La valanga, Gran Poz

Marmolada

“Che colpa ne ho se gli uomini le guerre decidono di combatterle in montagna? Io mica ce l’ho con loro. Io seguo i movimenti della terra e del cielo, rispondo alle leggi fisiche di natura, è così che va, e l’uomo, se fosse saggio, dovrebbe adattarsi anche lui a quelle leggi, come faccio io. Ve lo dico non per giustificarmi, è che a volte alcuni mi dicono assassina se capita un incidente e qualche anima ci rimette la pelle. Io, purtroppo, in questo detengo un record piuttosto triste: nella mia conca, esattamente 100 anni fa, accadde la più grande strage da valanga che la storia umana ricordi. Tutti sapevano che il Gran Poz era un posto rischioso e, nonostante le proteste del tenente Handl, che era al comando della 90° Divisione di Fanteria dell’esercito austroungarico, costruirono ugualmente il baraccamento. Nella notte fra il 12 e il 13 dicembre 1916 gli uomini erano rintanati come topi nelle baracche, in attesa di una tregua.

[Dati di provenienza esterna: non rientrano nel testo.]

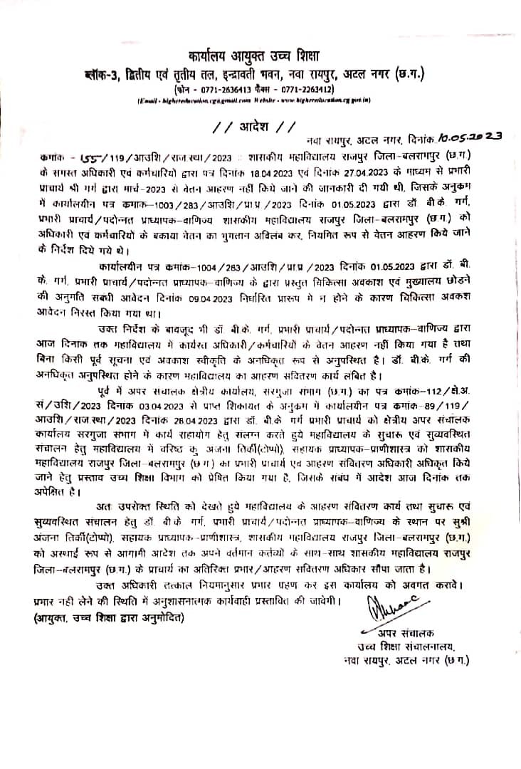 आदेश में कहा गया कि डॉ. बी. के गर्ग के द्वारा प्रस्तुत चिकित्सा अवकाश एवं मुख्यालय छोडऩे की अनुमति संबंधी आवेदन दिनांक 8 अप्रैल 2023 निर्धारित प्रारूप में न होने के कारण चिकित्सा अवकाश आवेदन निरस्त किया गया था।उक्त निर्देश के बावजूद भी डॉ. बी के गर्ग द्वारा आज दिनांक तक महाविद्यालय में कार्यरत अधिकारी कर्मचारियों के वेतन आहरण नहीं किया गया है तथा बिना किसी पूर्व सूचना एवं अवकाश स्वीकृति के अनधिकृत रूप से अनुपस्थित है।डॉ. बी के गर्ग की अनधिकृत अनुपस्थित होने के कारण महाविद्यालय का आहरण वितरण कार्य लंबित है। पूर्व में अपर संचालक क्षेत्रीय कार्यालय सरगुजा संभाग का पत्र क्रमांक- 112 / क्षे.अ.सं/ उशि / 2023 दिनांक 03.04.2023 से प्राप्त शिकायत के अनुक्रम में कार्यालयीन पत्र क्रमांक 89/119/ आउशि/राज.स्था / 2023 दिनांक 26.04.2023 द्वारा बी.के. गर्ग प्रभारी प्राचार्य को क्षेत्रीय अपर संचालक कार्यालय- सरगुजा संभाग में कार्य सहायोग हेतु संलग्न करते हुये महाविद्यालय के सुचारू एवं सुव्यवस्थित संचालन हेतु महाविद्यालय में वरिष्ठ अंजना तिर्की (टोप्पो) सहायक प्राध्यापक-प्राणीशास्त्र को शासकीय महाविद्यालय राजपुर जिला बलरामपुर का प्रभारी प्राचार्य एवं आहरण संवितरण अधिकारी अधिकृत किये जाने हेतु प्रस्ताव उच्च शिक्षा विभाग को प्रेषित किया गया है.जिसके संबंध में आदेश आज दिनांक तक अपेक्षित है।
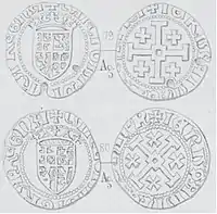 Silver gros coins of Charlotte. Issued 1458–1460, Cyprus. Obverse: Crowned shield with Lusignan coat of arms, CARLOTA DI GRA REGNA. Reverse: Cross of Jerusalem, IERVZALM E D CHIPR. Diameter 25 mm, Weight 3.96 gr (69.5 Enetian grains).[6]
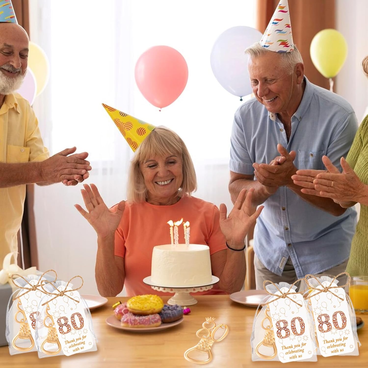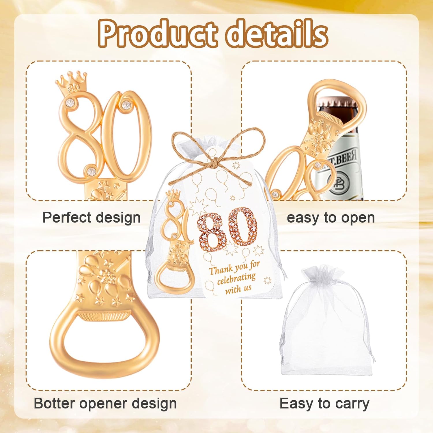 - Generous Set: Our 80th birthday bottle openers are large capacity kits that provide enough gifts for all your guests. You can use the bottle openers to decorate your party and as a keepsake without compromising on quality and style, bottle openers for 80th birthday easily accommodate large parties
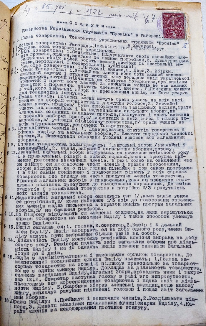 Статут Товариства українських студентів «Промінь» в Ужгороді, 1933 рік
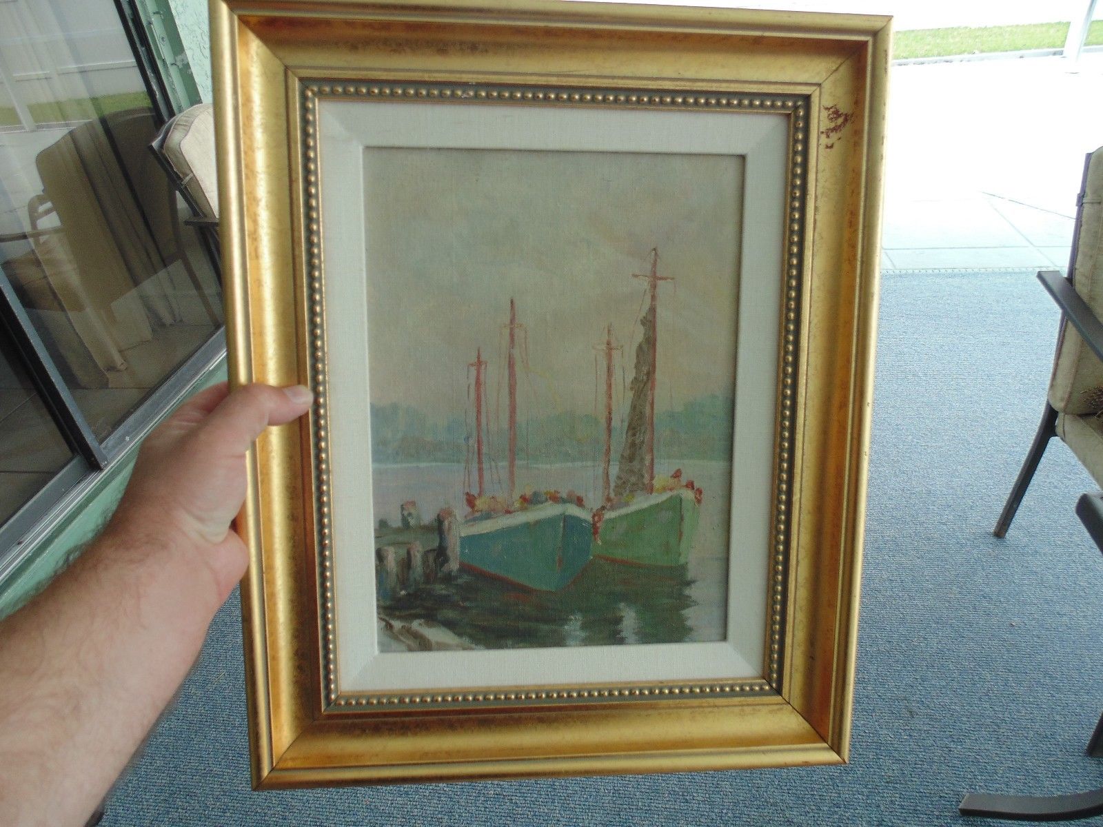 Title (ebay affiliate link): Nice Old Decorative Vintage Nautical Ship Harbor Scene Landscape Oil Painting
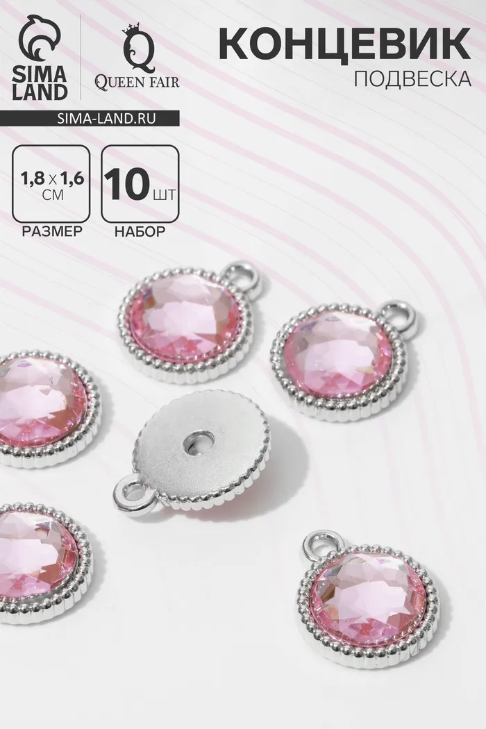 Концевик-подвеска «Круг» рифлёный 1,8×1,6×0,2, (набор 10 шт.), цвет розовый в серебре — Характеристики
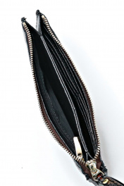 Портмоне на два отделения, закрывающихся на застежку-молнию, с поводком на движке, с отделениями для пластиковых карт, с отделением для монет, закрывающимся на застежку-молнию, с открытым центральным карманом-перегородкой. Цвет фурнитуры - золото. Размеры:
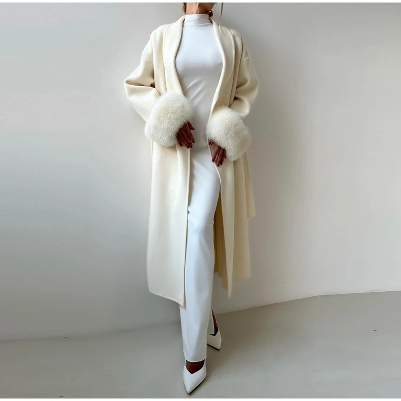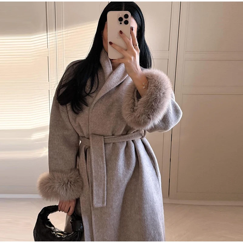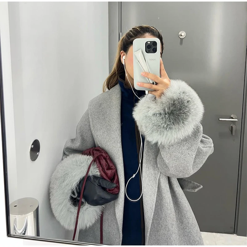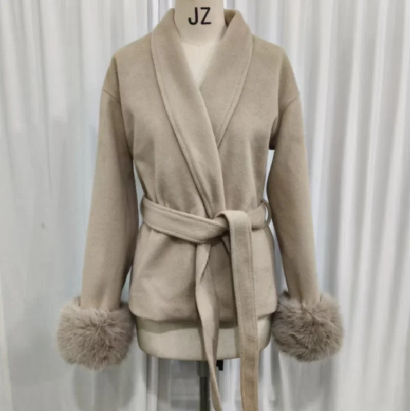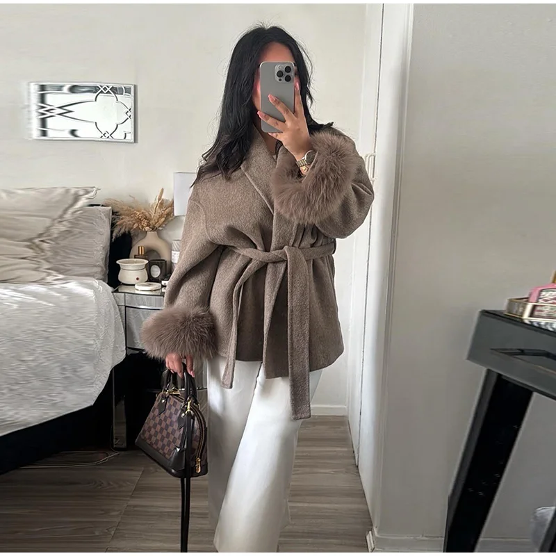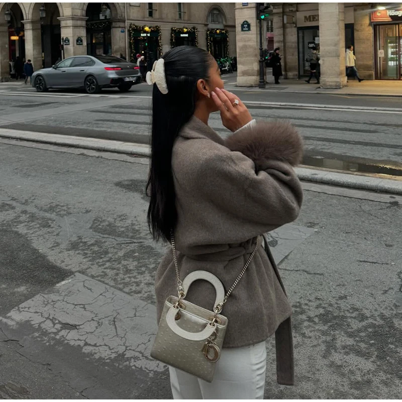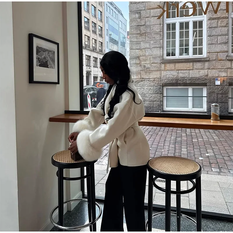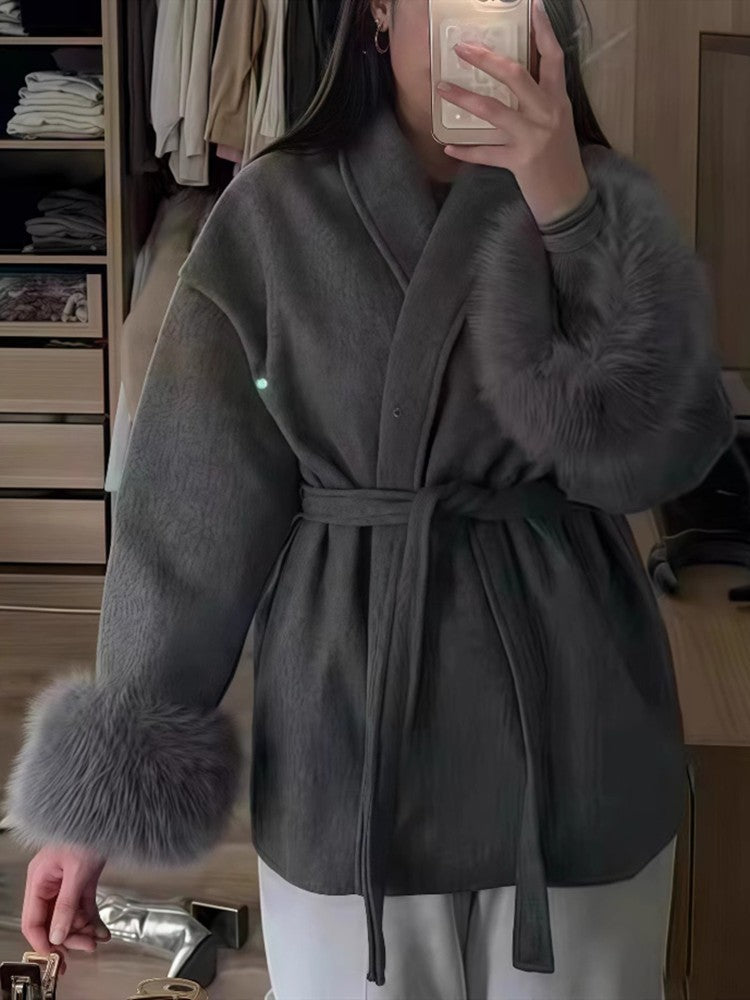 Lace-Up Short Overcoat Women's Coat Office Lady Elegant Woolen Furry Patchwork Long Sleeve Coats 2025 New Loose Cardigan Jackets
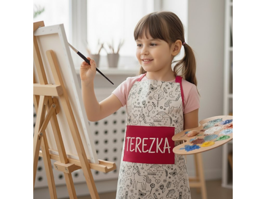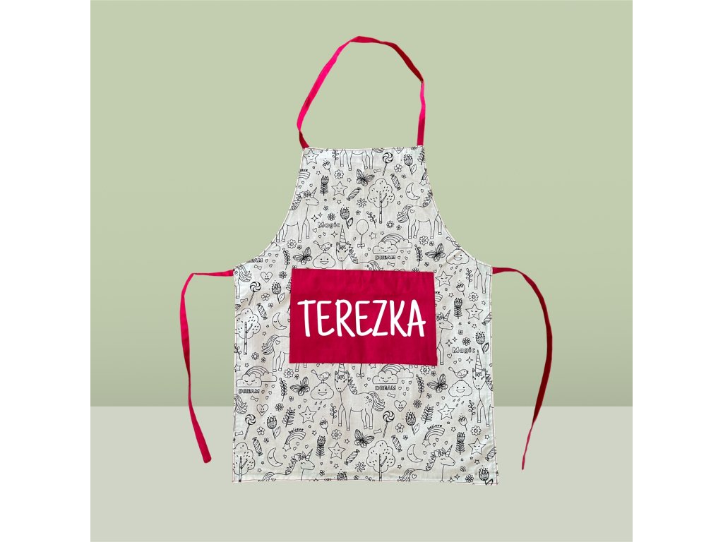 Dětská zástěra ze 100% bavlny se jménem na přání a motivem k domalování. Ručně šitá v Podkrkonoší, ideální na vaření, tvoření i školkové aktivity. Praktická kapsa, dvě barevné varianty, česká ruční výroba.
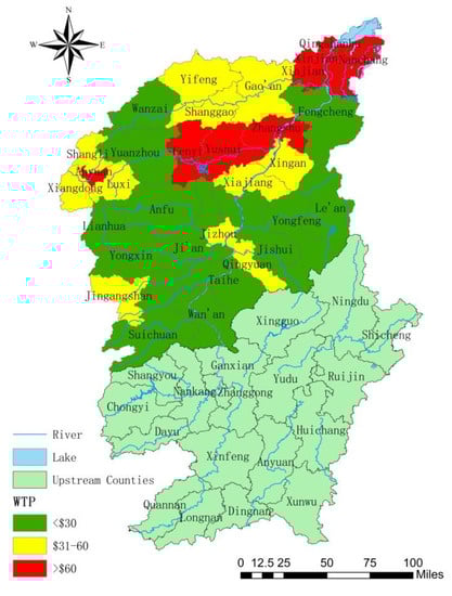 However, in the process of watershed ecological management, there are still some problems, such as the lack of public participation in some areas []. The Ganjiang River Basin is the most important river in Jiangxi Province []. This problem is especially obvious. The upstream of the Ganjiang River Basin is about 270.95 hectare (ha), and the annual ecological value is about $7996.33 per ha []. Meanwhile, the upper reaches of the Ganjiang River Basin are mainly concentrated in Ganzhou City, which is located in the south of Jiangxi Province. Ganzhou has an excellent ecological environment where the forest coverage rate exceeds 76%. However, the living standard of the residents is relatively low, and 8 of the 18 counties within the jurisdiction of Ganzhou City are designated as poverty-stricken counties at the state level. In addition, the water quality of the Ganjiang River Basin maintained a good level for a long time. In order to prevent the deterioration of water quality and further improve the ecological environment of the downstream area, the central and local governments continue to strengthen environmental protection to the upstream area of the Ganjiang River Basin, which limits the development of impoverished regions, and results in positive externalities. Although the government has paid a certain amount of compensation for the upstream, yet due to the lack of an effective compensation mechanism, the actual rights of subsistence and development of the upstream and downstream counties are different [], which leads to a contradiction between regional economic development and environmental protection in the river basin. As a terminal experience of the water resource allocation program, public support for the policy will ultimately effect its implementation []. According to the principle of “Who Benefits Whom Compensation”, the lower reaches of the Ganjiang River Basin should be paid as ecological compensation beneficiaries to make up for the benefits of the upper reaches to protect or improve the watershed ecological environment []. Although the Jiangxi provincial government has promulgated and implemented the compensation approach (Jiangxi Province Watershed Ecological Compensation Approach (Trial)), influenced by the promotion of “Jiangxi Example of Beautiful China”, the calculation of the ecological compensation funds of the river basin is mainly on account of the cost (i.e., construction and maintenance costs) of the upstream area to protect the river basin environment. The calculation method does not take market factors and public participation into account, and the estimated compensation for the smaller funds may lead to a compensation effect, which may not be fully apparent. Therefore, since the upstream residents and the government have been engaged in environmental protection of the river basin, the downstream residents should pay for the positive externalities derived from these activities. Thus, it is necessary to evaluate the willingness to pay (WTP) of the downstream residents. Willingness to pay is used as the basis of ecological compensation, which can effectively solve the above problems [], and it is also an important link for the construction of social and economic relations between upstream and downstream areas []. Additionally, it is helpful for the government to establish a watershed ecological compensation mechanism [].
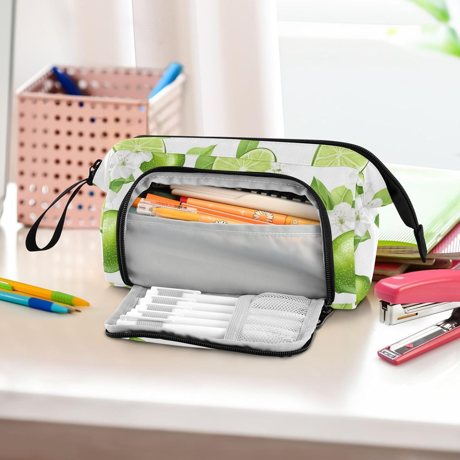 Materiale di alta qualità: realizzato in robusto tessuto di nylon e robusta cerniera in metallo, la custodia per penne è di qualità, in grado di resistere all'uso quotidiano, resistente all'usura, ai graffi e facile da pulire. (Non adatto a bambini di età inferiore ai 3 anni!) Grande capacità: misura 24 x 9,5 x 15 cm. L'astuccio può facilmente contenere 40-60 penne o matite nel suo ampio scomparto, fornendo abbastanza spazio per i tuoi oggetti essenziali di cancelleria. Due tasche interne sono spazio personalizzato per le tue piccole necessità quotidiane o materiale scolastico, come carte, contanti, chiavi, gomme, nastri, note adesive per trovarli facilmente e rapidamente. Design portatile e conveniente: con peso leggero, corpo piccolo e piegatura manuale, il nostro astuccio scolastico è facile da trasportare in borsa o tenere a portata di mano. L'apertura superiore e l'apertura laterale offrono scelte per voi per prendere o mettere le vostre necessità in esso. Puoi vedere chiaramente il tuo articolo dall'alto e trovare le tue penne, matite, pennarelli e pennelli usati di frequente dal lato. Multi funzioni: il nostro prodotto non è per la scuola e l'ufficio, ma anche per cosmetici e altre piccole necessità. L'astuccio può essere utilizzato come astuccio per pennelli per gli amanti della pittura, borsa per il trucco per donne, borsa per medicine per la famiglia, borsa 3C per prodotti elettronici, borsa da viaggio per te stesso. Istruzioni di lavaggio: lavare a mano, non lavare in lavatrice. Si prega di non aggiungere candeggina per il lavaggio.
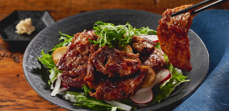 普通の焼肉とは一味違ったおいしさ!ギュッとした食感と大豆製品特有の臭みが目立たない「NEXTハラミ」を、野菜と食欲そそる香りのたれと合わせて。地球と体に優しい丼ぶりです。
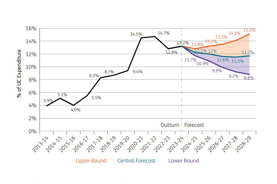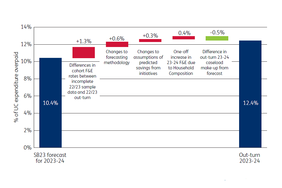 Note that the 2023 Spring Budget forecast for the overpayment rate in Universal Credit, as published in the NAO’s Report on Accounts last year, was significantly lower. The rise in the forecast level of overpayments in the 2024 Spring Budget is partly due to improvements in DWP’s forecasting model; and partly due to the final out-turn for the 2022 to 2023 financial year being higher than had been anticipated from early results observed three-quarters through the sampling exercise which informs the annual published National Fraud and Error Statistics. ↩
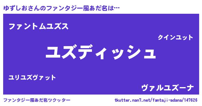 | 男性向けラノベタイトル風あだ名 | 『ゆずしおという概念が存在しない退屈な世界 』 |
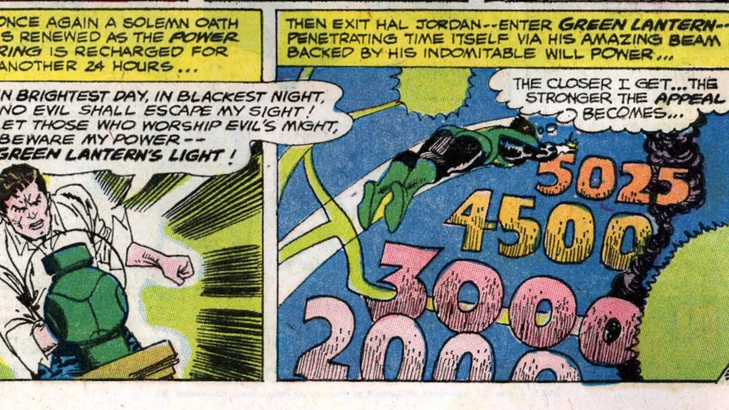 Green Lantern and the Flash have always been one of DC’s best duos, and apparently, that means occasionally borrowing powers from each other. In this case, that includes Green Lantern borrowing Flash’s ability to phase through matter. This ability was first demonstrated in The Brave and the Bold #59, where Hal phased through a ceiling as if it weren’t there. This power does not come up often and can be safely assumed to be another power lost to the Silver Age, but given that it was used sparingly even then, it’s likely that the ability to phase also relies upon the density of the material and the user’s strength of will.

Erano sette giorni che nevicava e i 300 e passa soldati che stavano qui sentivano sopra la testa più di mille metri di ghiacciaio gonfio, imbottito di neve pesante e pronto a scaricare. Il prete del ghiacciaio, Martin Matschik, a sera inoltrata e controvoglia, lasciò le baracche del Gran Poz per scendere a valle, mentre il tempo non accennava a migliorare. Arrivato a un piccolo rifugio semisepolto di neve vi si sistemò per la notte come meglio potè. “Alle 5.30 di mattina udimmo un fragore sordo, seguito da una calma sinistra” disse poi il don. La mia conca, la conca del Gran Poz, era stata sepolta da 150.000 tonnellate di neve. Quell’uragano solido travolse 365 uomini e ne uccise sul colpo 272”.